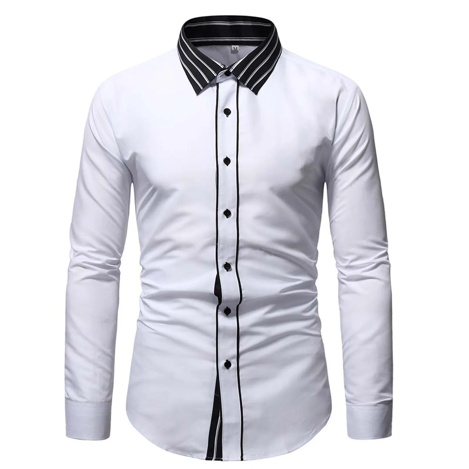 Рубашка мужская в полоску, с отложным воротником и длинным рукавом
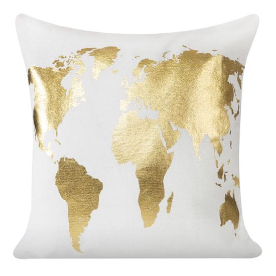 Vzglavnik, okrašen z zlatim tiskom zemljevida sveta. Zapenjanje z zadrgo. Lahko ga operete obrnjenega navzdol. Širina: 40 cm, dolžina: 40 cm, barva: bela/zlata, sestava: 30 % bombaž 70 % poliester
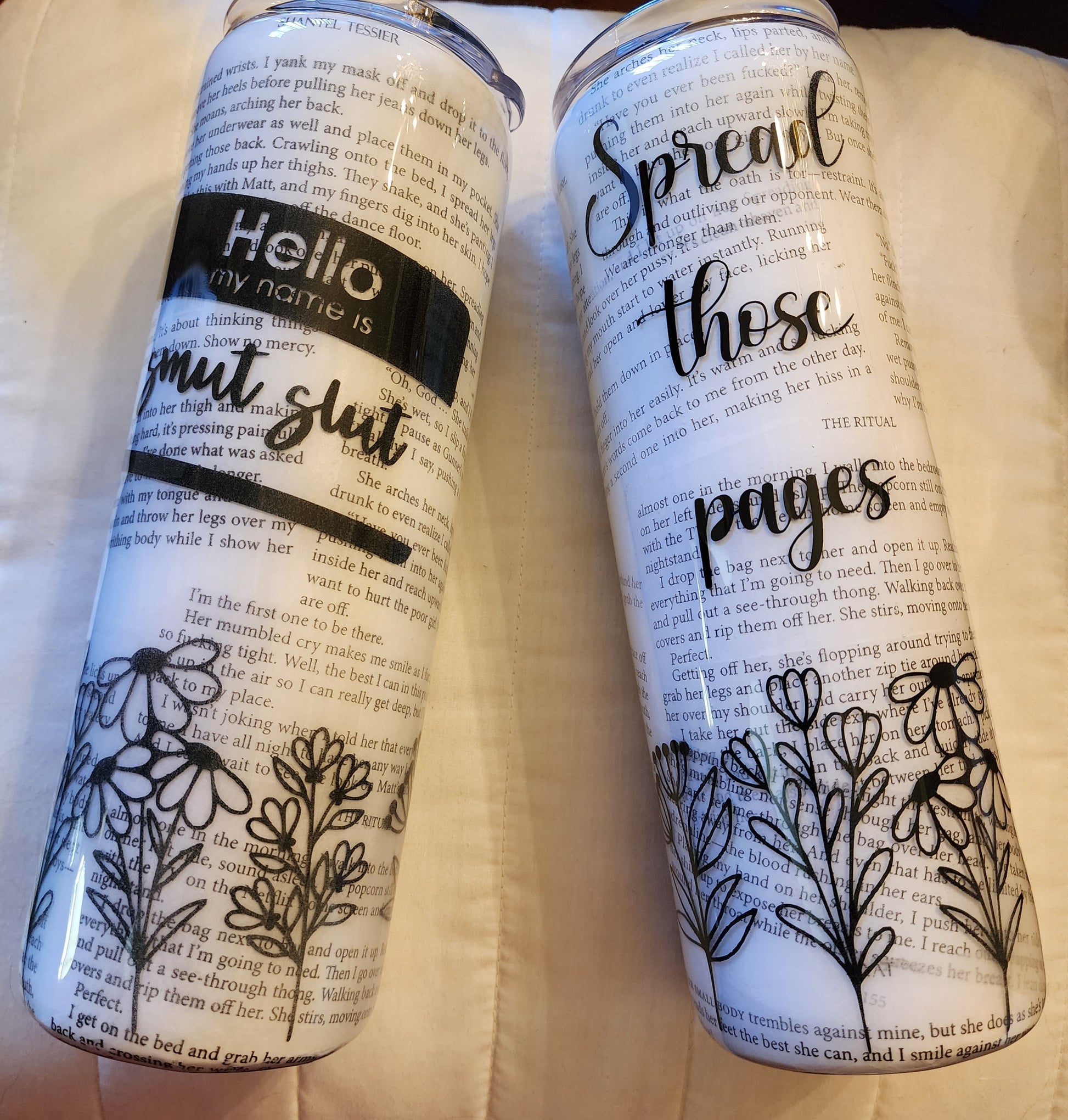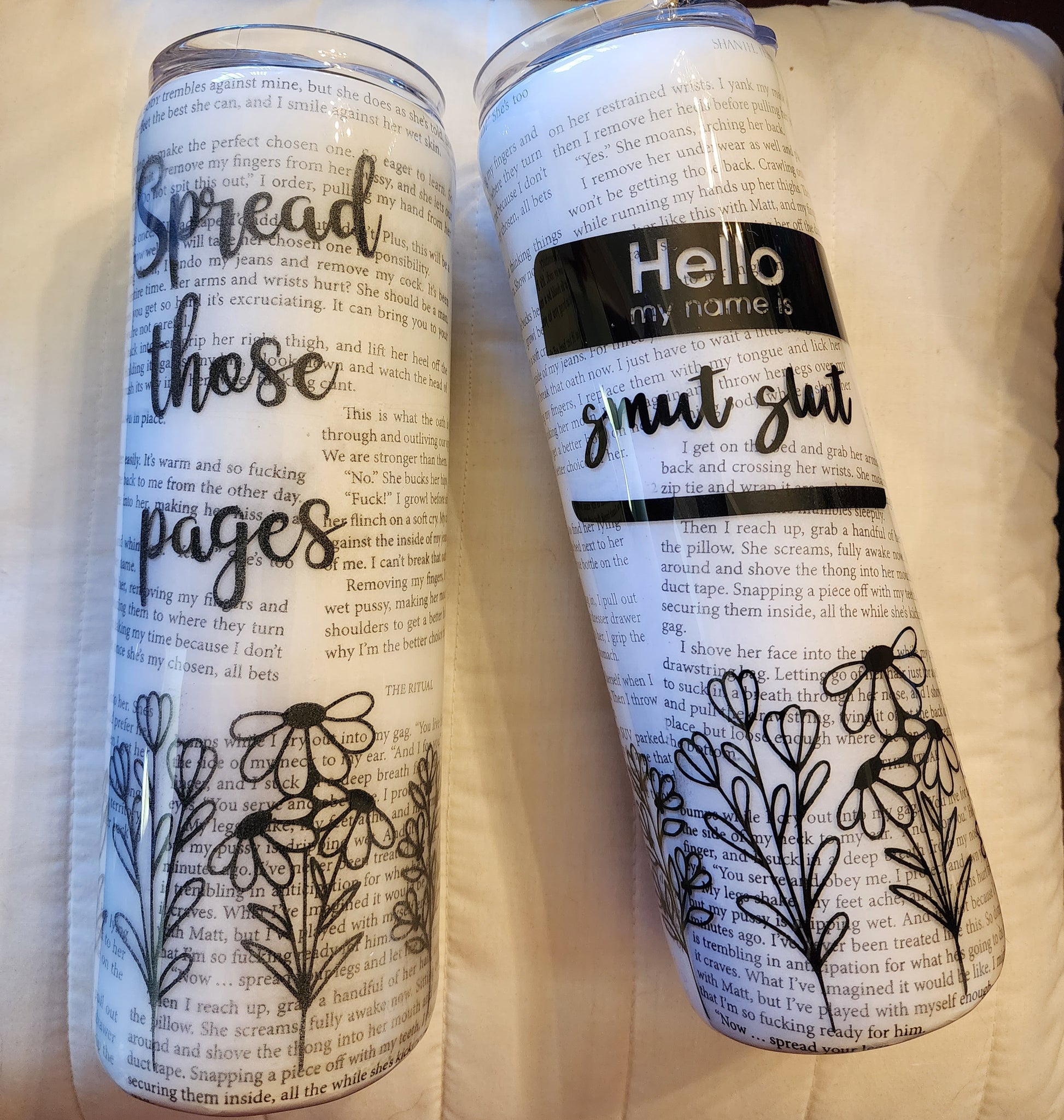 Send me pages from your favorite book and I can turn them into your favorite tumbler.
####################
* **Brief**
Drop the pictures and set down the data above exactly.

* **Solution for this task**
 Рубашка мужская в полоску, с отложным воротником и длинным рукавом
 Vzglavnik, okrašen z zlatim tiskom zemljevida sveta. Zapenjanje z zadrgo. Lahko ga operete obrnjenega navzdol. Širina: 40 cm, dolžina: 40 cm, barva: bela/zlata, sestava: 30 % bombaž 70 % poliester
 Send me pages from your favorite book and I can turn them into your favorite tumbler.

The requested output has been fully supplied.